*Supplied information*:
#####
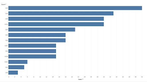 While the Ninth Circuit still comes out with the most cases so far, in this dataset, the Third, Fourth, and Eleventh Circuits are all not far behind.
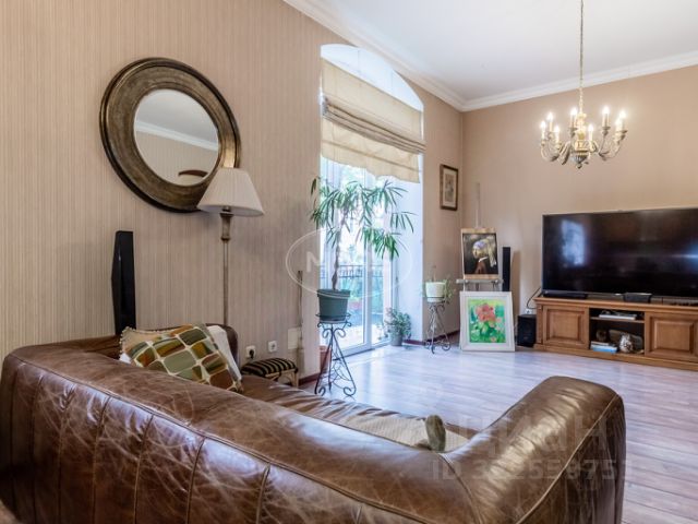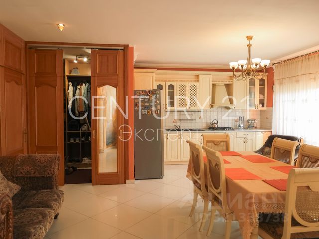 Кухня-столовая и гостиная разделены барной стойкой. Кухня укомплектована кухонной мебелью, посудомоечной машиной, духовкой, варочной панелью, вытяжкой, каменной раковиной, холодильником DAEWO. Гардеробная оборудована мебелью ALFA. Спальня - трехстворчатым шкафом, телевизором, угловым компьютерным столом. Ванная комната, душевая и санузел выложены кафелем. На всем цокольном этаже теплый пол.
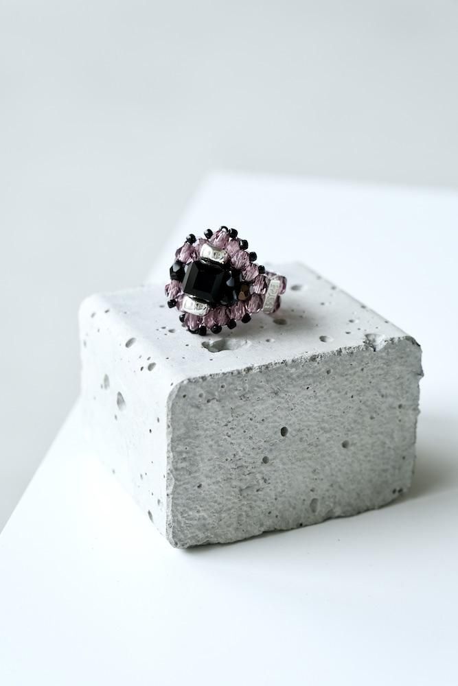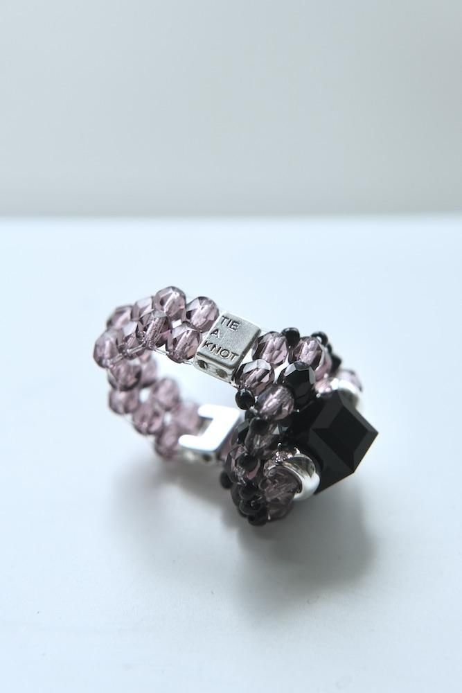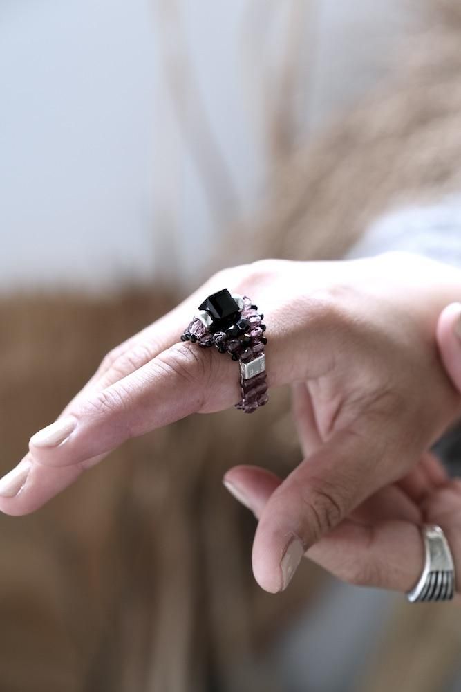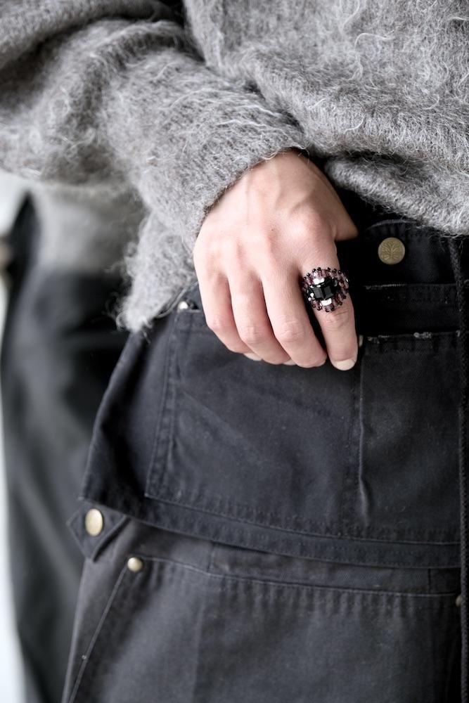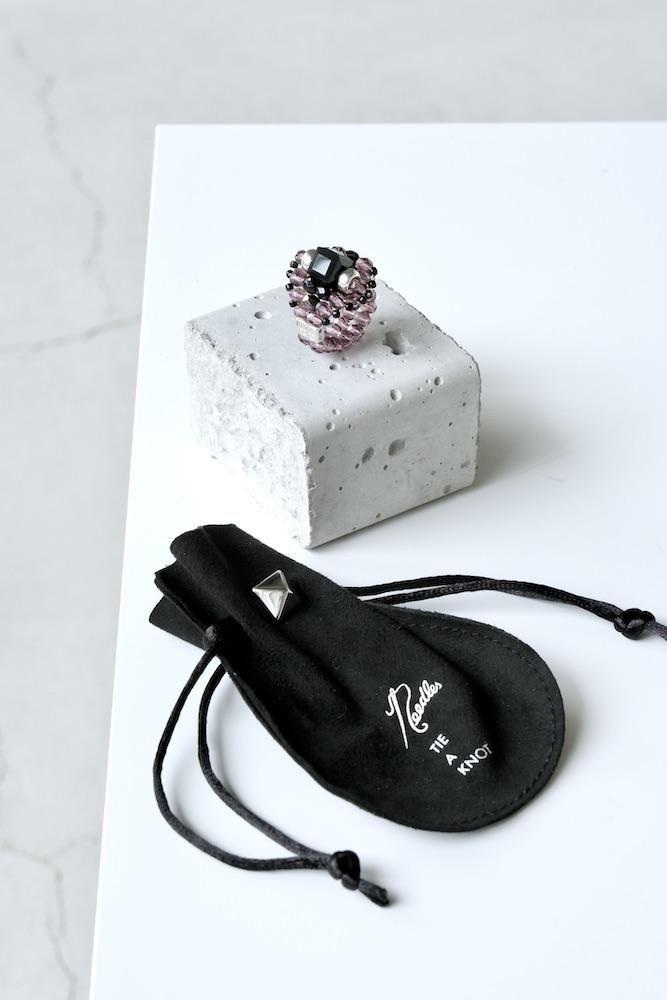 2024年にスタートした新ブランド『TIE A KNOT』と『NEEDLES』のコラボレーションアイテムです。美しい透明感と輝きを放つクリスタルガラスビーズを精密にカッティングしたリングには『NEEDLES』のアイコンであるパピヨンの刻印が施されたシルバーパーツがアクセントとなっており、職人が一点ずつ手作業で製作しました。ボリューム感のあるシルエットで手元を華やかに演出し、女性にも男性にもお薦めのリングです。
#####
*The task*:
Transcribe the material as is, with images omitted.

*Task result*:
 While the Ninth Circuit still comes out with the most cases so far, in this dataset, the Third, Fourth, and Eleventh Circuits are all not far behind.
 Кухня-столовая и гостиная разделены барной стойкой. Кухня укомплектована кухонной мебелью, посудомоечной машиной, духовкой, варочной панелью, вытяжкой, каменной раковиной, холодильником DAEWO. Гардеробная оборудована мебелью ALFA. Спальня - трехстворчатым шкафом, телевизором, угловым компьютерным столом. Ванная комната, душевая и санузел выложены кафелем. На всем цокольном этаже теплый пол.
 2024年にスタートした新ブランド『TIE A KNOT』と『NEEDLES』のコラボレーションアイテムです。美しい透明感と輝きを放つクリスタルガラスビーズを精密にカッティングしたリングには『NEEDLES』のアイコンであるパピヨンの刻印が施されたシルバーパーツがアクセントとなっており、職人が一点ずつ手作業で製作しました。ボリューム感のあるシルエットで手元を華やかに演出し、女性にも男性にもお薦めのリングです。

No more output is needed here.